La vita privata del friulano è infatti a prova di bomba: beneficenza e iniziative a sostegno dei più deboli non gli fanno certo difetto; Gianluca è uno che dovrebbe essere preso ad esempio da tanti altri suoi colleghi, impegnati molto con belle donne, macchine di grossa cilindrata e discoteche, ma digiuni di tutto quel che succede attorno a loro. “Sono tanti i problemi che attanagliano il calcio – scandisce Pessotto con tono di voce deciso, ma senza la saccenza e l’invadenza dei politici – ma la violenza negli stadi è quello che mi tocca di più. Non è possibile, solo per fare alcuni esempi, assistere a scene come quelle di alcune settimane fa a Reggio Calabria, con un papà costretto a scappare insieme ai suoi due bambini per colpa di alcuni delinquenti. Oppure ciò che è successo domenica a Foggia, o ancora il lancio di oggetti pericolosissimi dagli spalti che avviene in quasi ogni partita, con i portieri che rischiano la vita: è pazzesco e nessuno vi pone rimedio”.
Quel che succede nell’universo football è specchio fedele della società in cui viviamo, il calcio non è un’oasi felice: “Anche nella vita comune, prosegue il professorino, quella di tutti i giorni, si parla tanto di giustizia, ma non si fa nulla per attuarla. E pensare che le leggi ci sono, e sono chiare, ma non tutti le rispettano, e soprattutto nessuno le fa applicare. In questo modo la gente si sente sfiduciata e impotente, e ha ragione a protestare”.
Ad avallare la tesi di Pessotto concorre un piccolo ricordo personale del bianconero: “Tanto per dire cosa avviene in Italia, vi racconto un piccolo episodio che mi è accaduto: vengo fermato in un posto di blocco dalle forze dell’ordine per un normale controllo, sono senza cinture di sicurezza, mi aspetto una multa, e invece niente.
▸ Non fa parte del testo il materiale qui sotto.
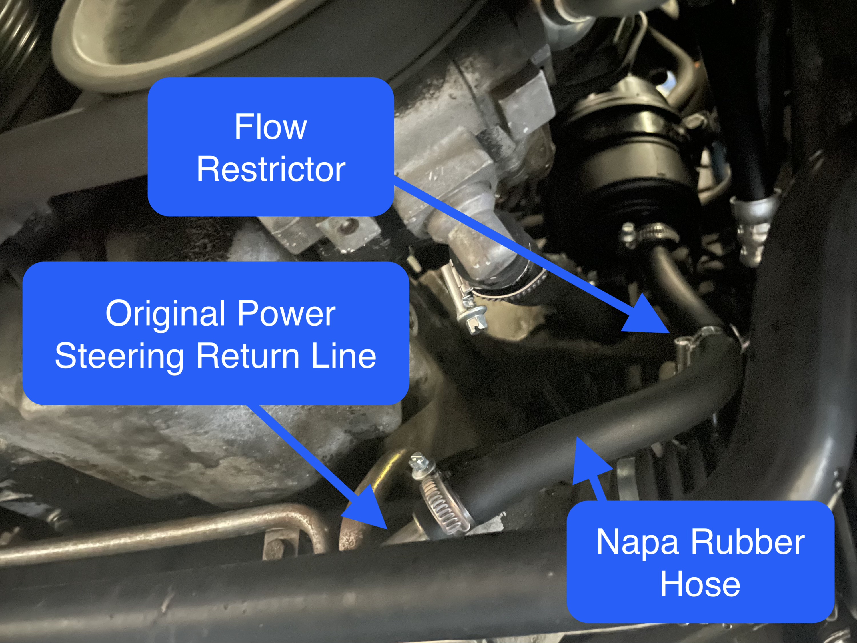 Next, you’ll want to remove the hose clamp in the middle of the hose, and remove the flow restrictor (in my case, the restrictor fell out as soon as I loosened the clamp). Then, cut the hose to 11.5” or 11.75” (I did 11.5”, and thought 11.75” would have been better), place the restrictor somewhere in the middle, and use one of the clamps to hold it in place. Then, it’s just a matter of installing a clamp on the return pipe, and another on the reservoir. I gave mine a bit of a twist to avoid the power steering boot, and I have plenty of hose to try again if it ends up being a problem.

Eppure la legge esiste e va applicata: se non ho le cinture merito la sanzione, cosi la prossima volta magari mi ricordo di indossarle”.
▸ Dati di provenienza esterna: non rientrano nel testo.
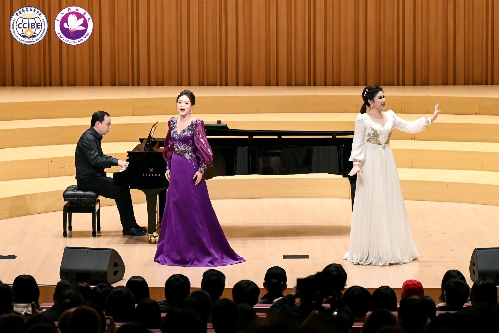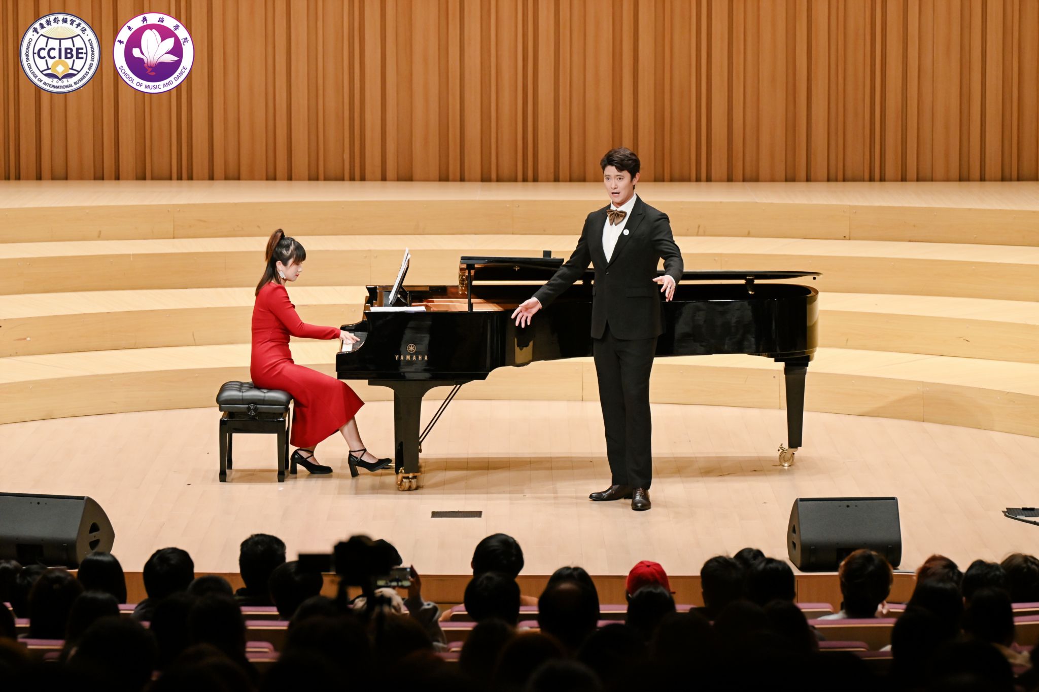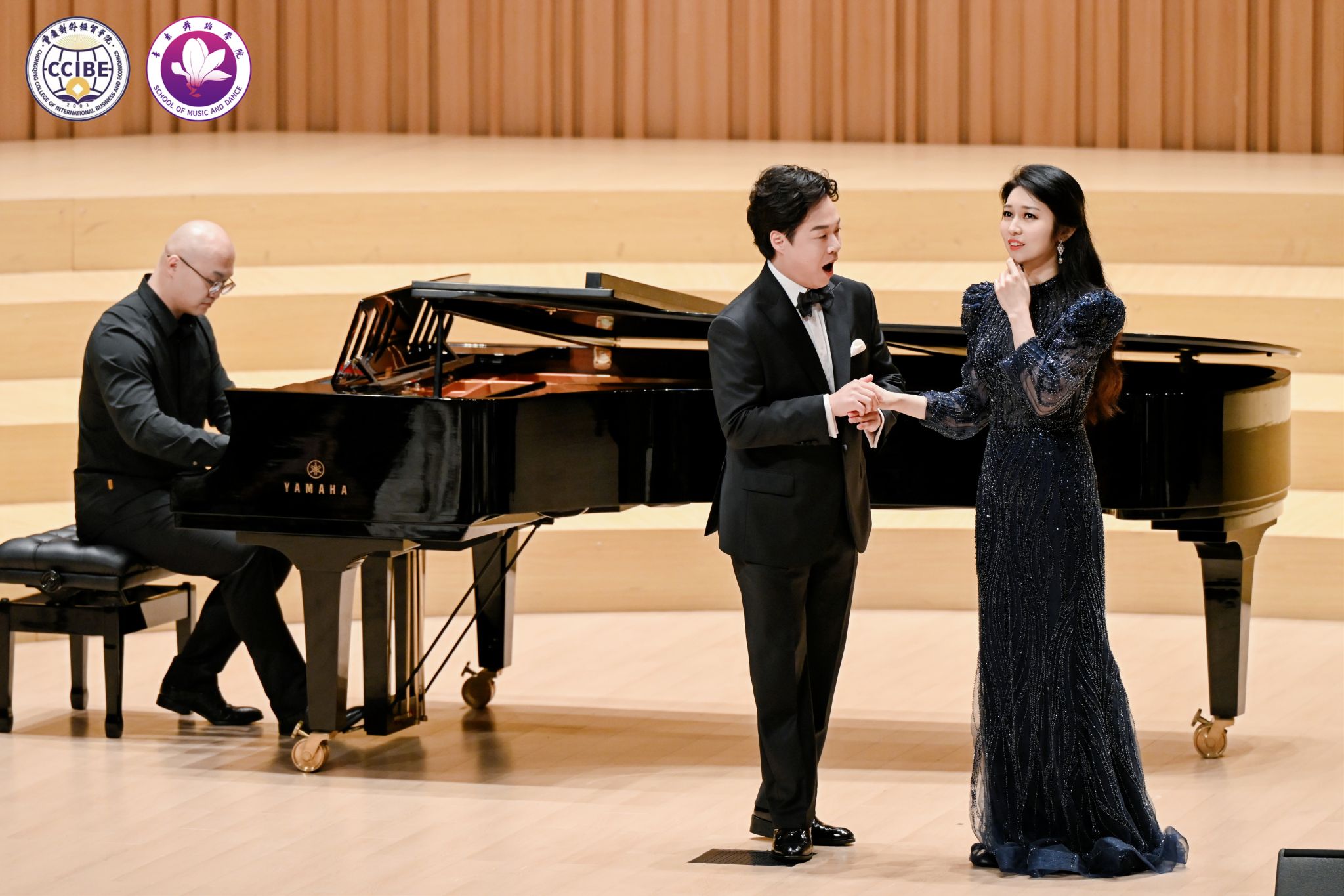 11月10日晚7:00,第三季中韩音乐会·不眠之夜暨“相约贸院”歌剧中心系列活动在学校B校区玉兰艺术中心华彩音乐厅温情上演。本次活动由音乐舞蹈学院主办、校园文化委员会承办,重庆市合川区文学艺术界联合会、合川区音乐家协会指导。学校副校长、校园文化委员会主任、音乐舞蹈学院院长王婕教授,合川区音乐家协会主席杨晓超及副主席唐芙蓉、孔祥爱出席活动,学校相关职能部门负责人与音乐舞蹈学院师生代表共同观看演出,活动由学院教师孙连鹏、张一凡主持。

Le regole valgono nel codice della strada come negli stadi, per chi passa con il rosso e per chi è scoperto con un passaporto falso. Un’equazione facile, nessuno chiede la luna, soltanto il rispetto e l’applicazione delle leggi: “Si, dovrebbe essere così, bisogna far rispettare le norme. Vi sembrerò forse troppo “giustizialista” e severo, ma io sono favorevole a comminare pene durissime verso chi compie atti di vandalismo e di teppismo negli stadi. Esattamente come fanno in Inghilterra, dove se sbagli finisci in galera e ci resti sino all’ultimo giorno senza condizionali. Infatti gli stadi, in quella nazione, sono diventati un luogo sicuro e gli hooligans per sfogare la loro bestiale violenza sono costretti ad andare all’estero. Allora mi chiedo: in Italia non è possibile fare allo stesso modo? Se chi sbaglia viene punito, la prossima volta ci penserà due volte prima di sbagliare ancora e lo stesso farà chi gli sta intorno. E’ semplice, no?”.
Forse troppo semplice per un paese complicato come il nostro.